Consea: de coração a apêndice
Para usar uma metáfora, o Consea era o coração na Presidência da República e se tornou um apêndice. Enquanto nossa Constituição reza em seus princípios básicos a soberania, a cidadania, a prevalência dos direitos humanos, a erradicação da pobreza, a redução das desigualdades sociais, é isso que está nos nossos princípios fundamentais e portanto os ganhos econômicos não estão acima dos direitos humanos. Quando enxergamos essa reestruturação dos ministérios vemos os direitos humanos subordinados ao interesse econômico.
O salto para frente e o salto para trás
O Consea deu um salto, no início a ideia era a segurança alimentar, o acesso a todas essas medidas populares dos últimos anos como o bolsa Família, para superar esse momento da fome, e de fato conseguiu. Inclusive o antigo Ministério do Desenvolvimento Social tinha um mapeamento mostrando como essas políticas permitiram a superação da fome. Em um primeiro momento houve a questão da segurança alimentar e depois a "cereja do bolo", a soberania alimentar.

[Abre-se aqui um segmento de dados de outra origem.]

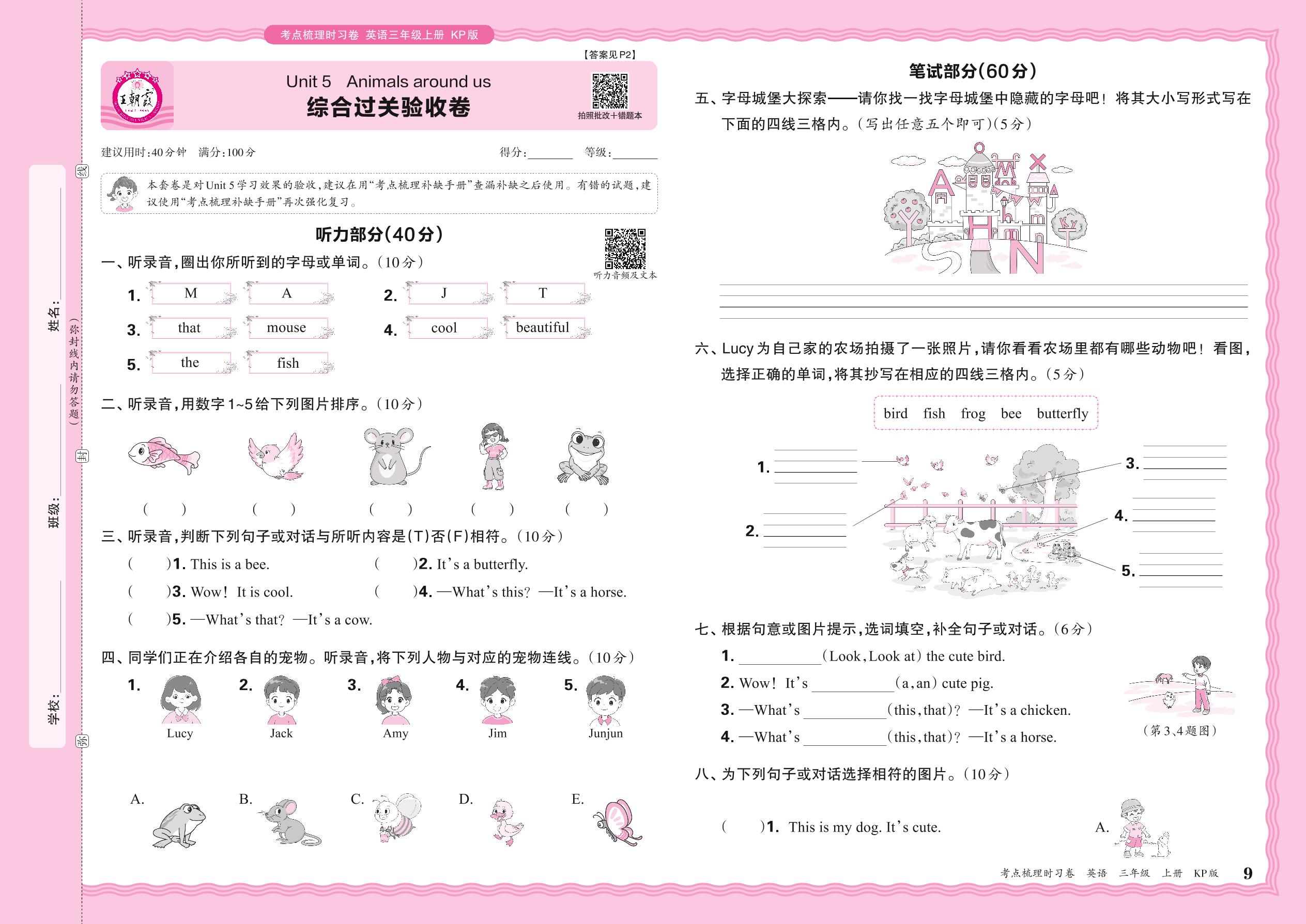2024秋上册三年级英语科普版 Unit 5 综合过关验收卷

Por que cereja do bolo? Só chegamos nesse nível de excelência, diria, de discutir a qualidade, alimentos livres de substâncias tóxicas, porque tínhamos resolvido o problema da fome. Agora estamos dois passos atrás, não vamos conseguir discutir a soberania porque as pessoas sequer estão comendo. É um abismo atrás do que deveríamos estar.